You cannot buy any Amtrak ticket to transfer. United offers code shares from stations like Stamford. I am not aware of any code shares from NYP. The ticketing has to be done through United. Like with all other code shares they provide you with the PNR of the actual carrier for each segment. I am not sure how an Amtrak scannable instrument is provided. Perhaps it involves just providing the Amtrak PNR verbally to an Amtrak agent.


----------



## saxman (May 8, 2017)

railiner said:


> I didn't know Amtrak had any involvement at the EWR rail station...I had thought that was strictly an NJT operation?


Amtrak has stopped at the EWR rail station for many years. Not every train stops, but many of the NE Regionals do. It's the whole premise of the United/Amtrak codeshare agreement.

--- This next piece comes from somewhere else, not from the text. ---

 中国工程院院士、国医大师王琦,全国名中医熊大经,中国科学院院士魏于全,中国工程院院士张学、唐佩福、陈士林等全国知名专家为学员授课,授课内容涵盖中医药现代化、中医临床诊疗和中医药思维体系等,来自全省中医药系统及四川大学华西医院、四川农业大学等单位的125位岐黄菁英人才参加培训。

The idea is to make your connection at EWR, hop on the Airtrain to the EWR rail station and hop on Amtrak to your final destination.


----------



## Palmetto (May 8, 2017)

BCL said:


> Palmetto said:
> 
> 
> > This all started with Continental Airlines, prior to the merger.
> ...


----------



## BCL (May 8, 2017)

I looked it up and only 4 Amtrak stations can be booked via United. It doesn't include NYP (ZYP) which I would have thought made the most sense.


----------



## railiner (May 8, 2017)

saxman said:


> railiner said:
> 
> 
> > I didn't know Amtrak had any involvement at the EWR rail station...I had thought that was strictly an NJT operation?
> ...


Thanks, I never noticed that...I'll bet that Amtrak's fares from EWR station are a lot higher than NJT charges...


----------



## BCL (May 8, 2017)

railiner said:


> saxman said:
> 
> 
> > railiner said:
> ...


$13 on NJT (including AirTrain) but typically $36 for Amtrak. Newark to NYP is $5.25 adult.

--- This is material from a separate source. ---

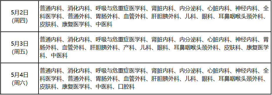 ☆本院劳动节假期门诊出诊科室一览: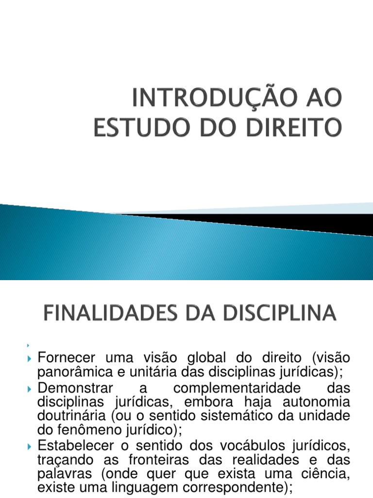 Existem vocbulos com sentido tcnico, como 'codicilo', que significa pequeno testamento. Existem tambm aqueles com sentido tcnico com grafia idntica a outro de uso corriqueiro. Ex: inveno; Localizar o direito no mundo da cultura, no universo do saber humano; A IED o elo entre a cultura geral e a jurdica; Fornecer as noes bsicas do mtodo jurdico.

Still - as I remember seeing an Amtrak train pass by our NJT train, someone in the next row was saying "That's the rich people train."


----------



## jis (May 8, 2017)

BCL said:


> I looked it up and only 4 Amtrak stations can be booked via United. It doesn't include NYP (ZYP) which I would have thought made the most sense.


I bet it has something to do with the fact that Amtrak really does not have spare capacity to sell in that sector, and indeed, it takes positive action to discourage such by setting exceedingly high fares in that sector. If United really wishes to provide through tickets to New York, they would be far better off and more convenient both in terms of schedules and drop off/pickup point in New York, to do so in partnership with the Airporter Bus service, or simply using Limo service like say Emirates does from JFK for upper class passengers.


----------



## BCL (May 8, 2017)

jis said:


> BCL said:
> 
> 
> > I looked it up and only 4 Amtrak stations can be booked via United. It doesn't include NYP (ZYP) which I would have thought made the most sense.
> ...


I did see that the total price for something like Philadelphia to San Francisco was cheaper through the 30th St Station and EWR than via Philadelphia airport.


----------